In terms of user input processing, especially languages involving multi-byte characters (such as Chinese, Japanese, and Korean), the use of standard regular expression functions may lead to character truncation or matching errors. To solve this problem, PHP provides a multi-byte-compatible function mb_eregi_replace , which can be used to replace content that conforms to a specific regular pattern without breaking character encoding.
mb_eregi_replace is a function in the mbstring extension that is case-insensitive to search for substrings matching regular expressions and replaces them with the specified content. Its syntax is as follows:
string mb_eregi_replace(string $pattern, string $replacement, string $string [, string $option])
$pattern : Regular expression pattern.
$replacement : A string used to replace the match.
$string : The original string to be processed.
$option : optional character encoding.
In many application scenarios, user input may contain special characters, such as @, #, $, %, ^, &, etc. These characters can cause security issues or data consistency issues without restrictions. We can write a function through mb_eregi_replace to clear these characters.
function sanitize_input($input) {
// Regular expressions:Keep letters、number、Spaces and Chinese,Replace the rest with empty
$pattern = '[^a-zA-Z0-9\x{4e00}-\x{9fa5}\s]';
$replacement = '';
return mb_eregi_replace($pattern, $replacement, $input, 'UTF-8');
}
// Test Sample
$user_input = "Welcome to visit m66.net!This is a@#test$%enter^&content。";
$clean_input = sanitize_input($user_input);
echo $clean_input;
Welcome to visit m66netThis is atestentercontent
In this example, we use a Unicode-compatible regular expression to replace all characters that are not Chinese and English characters, numbers and spaces with empty via mb_eregi_replace . It is worth noting that the range of Chinese characters \x{4e00}-\x{9fa5} must be used in conjunction with the 'UTF-8' encoding specification.
Performance issues : mb_eregi_replace is a regular function based on mbstring extension, which is inefficient when dealing with large amounts of text. It is recommended to use it only when multibyte character support is required.
Character encoding must be clear : Always explicitly specify the encoding (such as 'UTF-8' ) to avoid garbled or matching errors.
Regular expression escape problem : When constructing complex patterns, make sure to escape special symbols to avoid regular syntax errors.

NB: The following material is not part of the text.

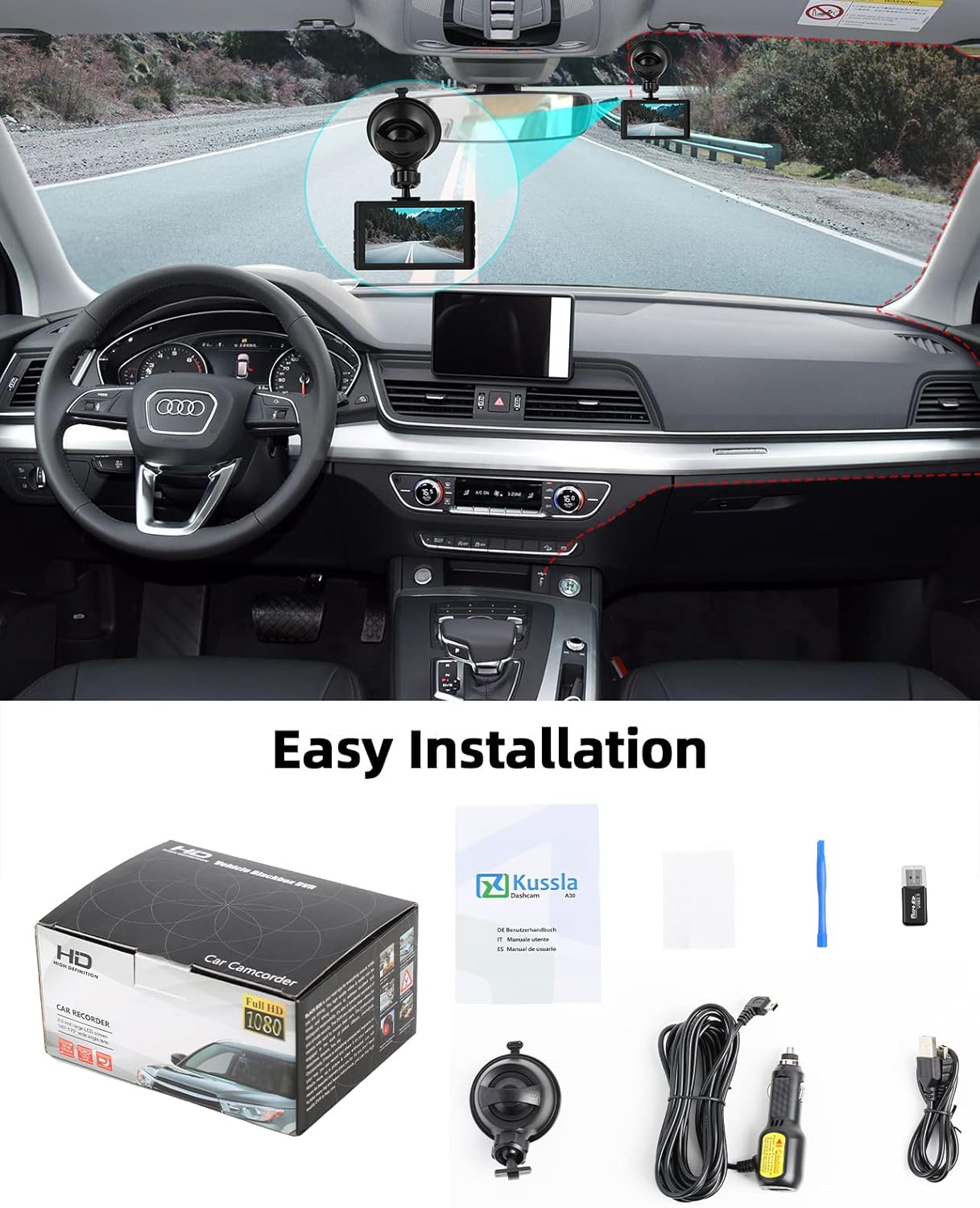 - Cámara de tablero LCD Full HD de 3 pulgadas 1920 x 1080P: sin aplicación, sin wifi, sin gps. Incluye tarjeta SD de 32 GB: la cámara de tablero de automóvil Kussla tiene efectos de video FHD de 1920 x 1080P 30 fps y campo de visión gran angular de 170°, que puede reducir eficazmente los puntos ciegos y grabar detalles claramente. Conecta el cargador del coche y la bobina de encendido para grabar directamente. El uso de la cámara de mando requiere conexión a una fuente de alimentación, y la batería integrada es solo para grabación de emergencia. Solo se puede utilizar durante 5 minutos sin energía)

If you are building a form processor or need to filter user input such as username, comment content, etc., use mb_eregi_replace to avoid garbled characters and incompatibility. For example, in a user registration form, you can clean up the user nickname on the server using the following method:
$nickname = sanitize_input($_POST['nickname']);
In this way, security issues such as XSS attacks and injecting illegal characters can be effectively avoided, and the standardization of user input can also be improved.
Security and compatibility are the top priorities when processing user input. mb_eregi_replace provides a powerful and safe way to clear special characters from input. Although this function has been deprecated after PHP 8.0 ( mb_ereg_replace is recommended), it is still a reliable option in projects that still use older versions of PHP. For projects that require continuous upgrade maintenance, it is recommended to migrate to a more modern alternative for better performance and compatibility.